Items to get in this phase (in order) are:
  • Tiamat to get some AD and also to be able to completely eliminate waves and camps like raptors in 3 seconds or less
  • Mobility Boots because this lets you run anywhere on the map to the point that the enemy will feel like there are 3 Garen's and not just one.
  • Dead Man's Plate so you're actually tanky. Up until this point you're pretty big, but still susceptible to burst, so be careful. I start on the Armor components first, because that will increase our effective hit points more than stacking more HP will.
  • Titanic Hydra to turn all that HP into damage and make sure you don't fall behind on that.

At this point you should be big, powerful, and ready to close out the game (if it's not over already).
End Game
OUT OF DATE, TO BE UPDATED

Endgame is defined as when one nexus or the other explodes. Often if things went well and all your lanes went even or lost gracefully and you got as big as you can this will actually happen during mid game. That's the ideal scenario. If we do get this far and the game is still in doubt you're playing on the clock and will soon start to taper off.

You want to close out the game as quickly as you can. Unfortunately no matter how big your lead is once you hit 18 everyone else will be catching up by default. You're playing on a bit of a timer and will become more and more dependent on your carries being stronger than there's, which isn't where we want to be.

First thing here is to buy Sterak's Gage and keep vision on Baron and Dragon (especially Elder Dragon). Once you have Gage you want to stop focusing CS for yourself and instead try and help your carry get to full build ASAP. For this guide "carry" doesn't necessarily mean ADC. It means whoever is going to be your late game win condition. Ask how much gold they need and, if necessary, accompany them to side lanes and let them get the farm. Let them know that to win you need them to get big and fed and you'll do your part to help them. They tend to like that.

If your team is controlling teamfights and you have no problem staying alive buy Zz'Rot Portal to become extra tanky with the resistances it offers. If teamfights are a problem you can get Locket of the Iron Solari and use it to keep you and your carry alive.

Either way, with any extra gold get Elixir of Iron and possibly sell your boots for more appropriate defensive boots. The time to be running all over the map is over. If you sell your Mobility Boots you can buy defensive boots for 330 gold difference. That late in the game that's a worthwhile investment to stay alive longer. Once revive timers get too long the next fight is quite likely the winning fight so you want to cash in and double down on teamfight utility.

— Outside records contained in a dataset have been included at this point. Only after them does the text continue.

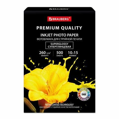 Купить Фотобумага супер глянцевая / бумага для печати фото на струйных принтерах Premium 10х15 см, 260 г/м2, односторонняя, 500 листов, Brauberg, 364000
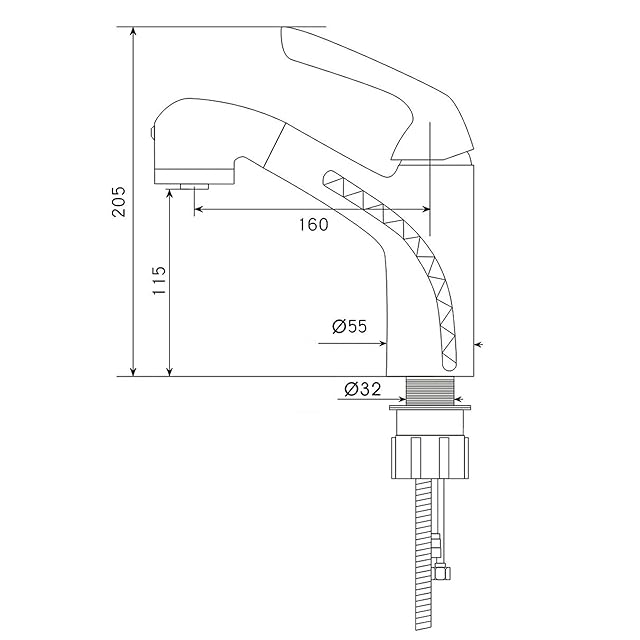 特徴:シングルレバー混合栓です。ホース引き出し可能なので(ホース引き出し長さ=最長80cm)、 使い方も自由自在です。
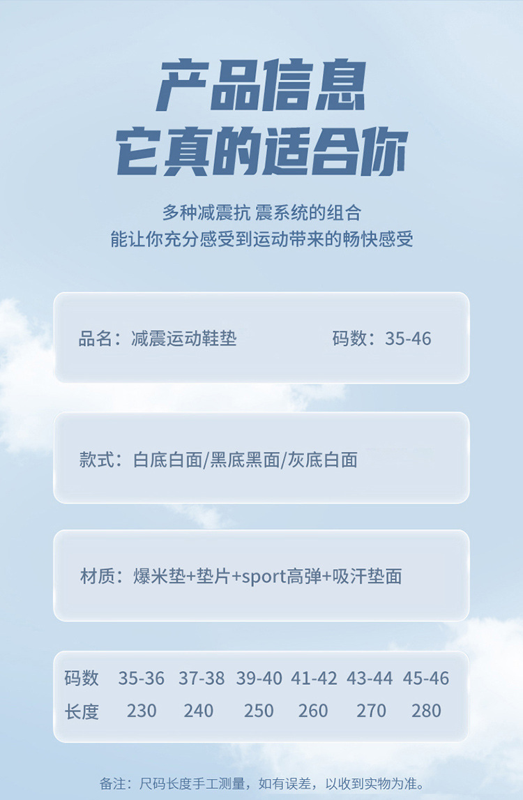 运动鞋垫高弹力减震吸汗防臭舒适BOOST篮球鞋垫zoom久站不累神器
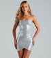 Channel your inner space babe in this metallic mini dress for a look that's out of the world! It features a sleeveless cowl neckline. spaghetti straps. a strappy open back made to turn heads. and a flattering bodycon silhouette and wrap mini-length hem. Style with chunky platform heels for the club!
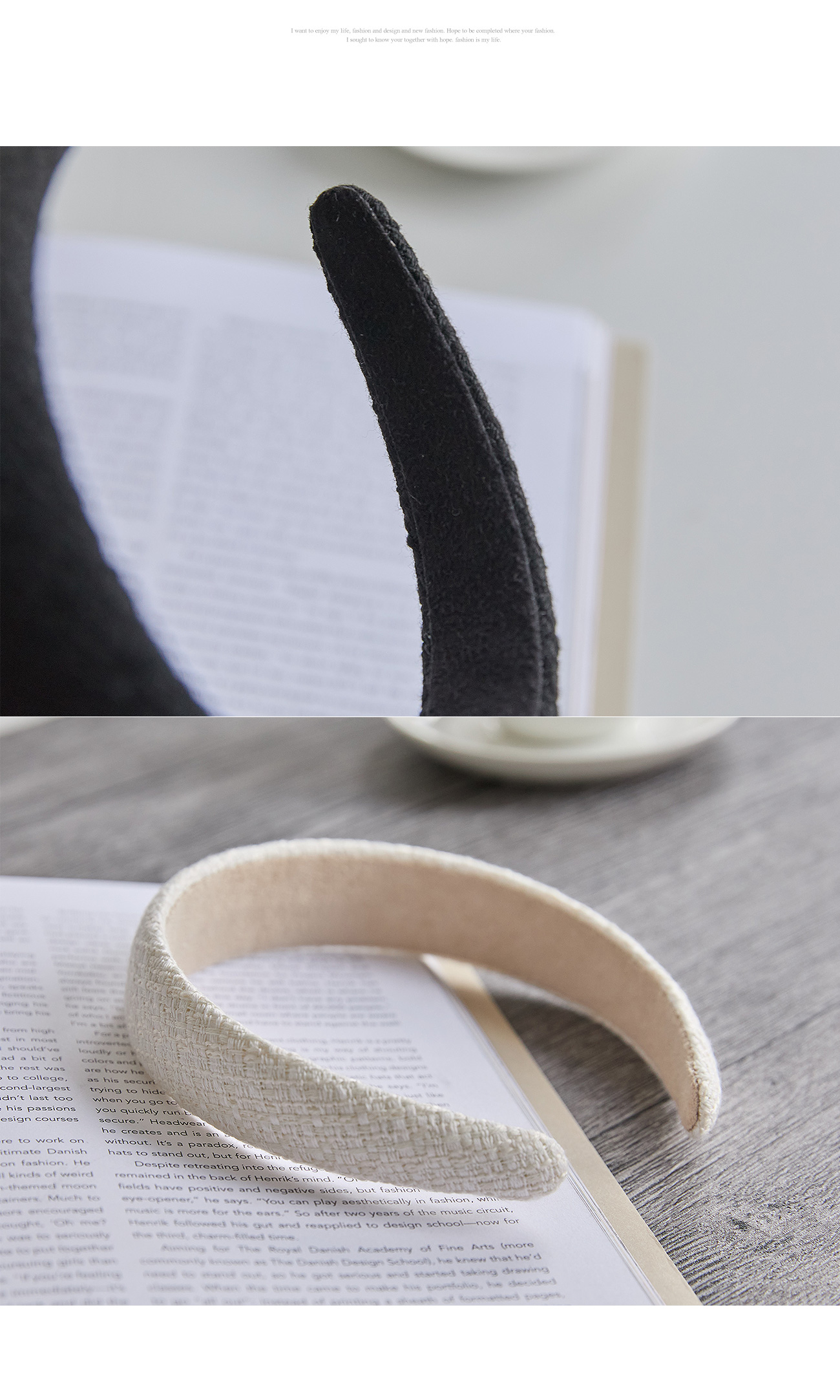 무지 디자인이지만 소재로 포인트 준 머리띠에요
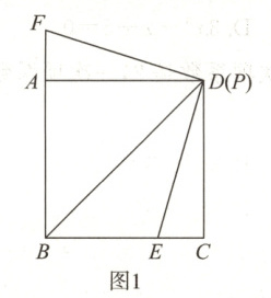 (1)如图1所示,当点$P$与点$D$重合时,点$F$在$BA$的延长线上,则线段$PF$和线段$PE$的数量关系是
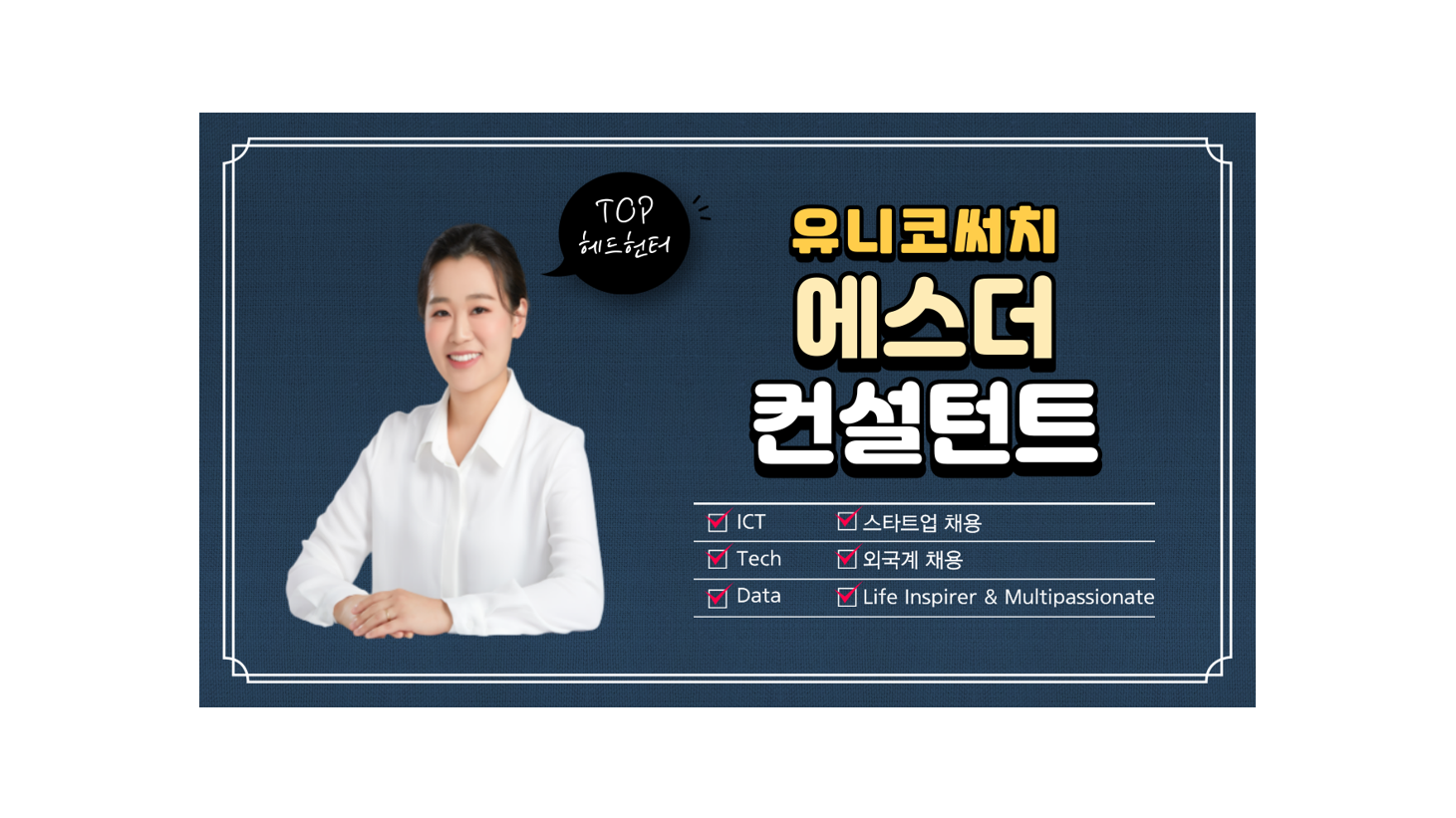 유니코써치 에스더 과장은 IT, ICT, Tech, 스타트업(신규 비즈니스), 외국계 분야에서 전문성을 가지고 다양한 성공 경험을 이뤄온 컨설턴트이다. 여러 직무에서의 필드 경험과 외국 생활 경험으로 영어 또한 능숙한 것이 큰 장점이다.
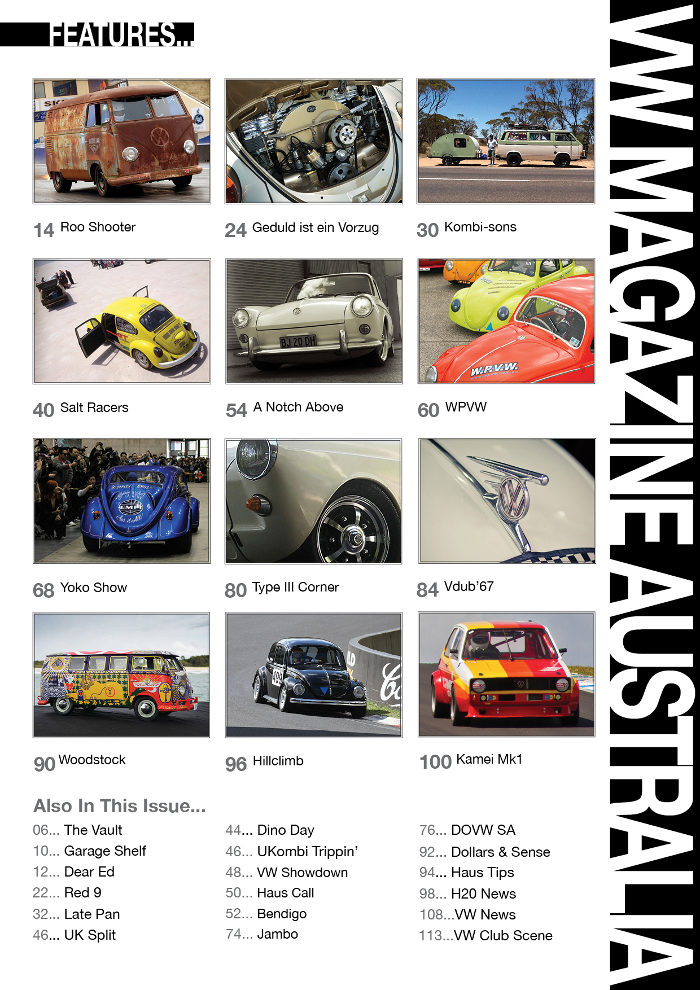 VWMA is an Australian owned and published enthusiasts magazine serving both the aircooled and watercooled Volkswagen scene nationally. Published quarterly (Feb, May, Aug, Nov), the magazine is available through newsagents Australia wide or via subscription, and covers every aspect of the hobby, from the very early models through to the latest innovations, motorsport, offroad, kit, custom, books, toys and shows. If it doesn't appear in VWMA then it isn't VW related.
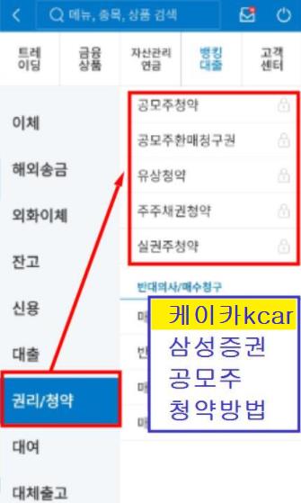 세번째. 권리청약에 들어가시면 공모주 관련 메뉴들이 보입니다.
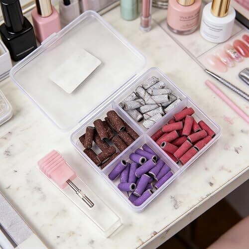 All-in-one nail drill set with 60 sanding bands and a 3mm mandrel for professional results. Full grit range (80, 120, 180, 240) for versatile filing, shaping, and finishing. Durable stainless steel mandrel and a portable carrying case for travel and hygiene.

There's not much to say here, because this is just late game League. Make sure to keep Chilling Smite ready for any objectives or to pick someone off to give your team an advantage. You don't really need it for shoving waves at this point anyway.

Back up your carry, push to inhib, take Baron, push another inhib and win game. That's the plan at this point.
Changelist
  • August 23, 2019 Remove Electrocute from the runes.
  • August 7, 2019 Overhaul items and runes. Add Unflinching's synergy with Smite.
  • July 30, 2019 Add a couple gameplay videos, per request.
  • July 24, 2019 Add more to Wave Management section. Still Work in progress.
  • July 9, 2019 Add rough draft of Wave Management section. Definitely work in progress.
  • July 8, 2019 Add acknowledgments section. Work in progress.
  • July 5, 2019 Finish quick and dirty "early, mid and late" game descriptions. Work in progress.
  • July 3, 2019 Initial release. Work in progress.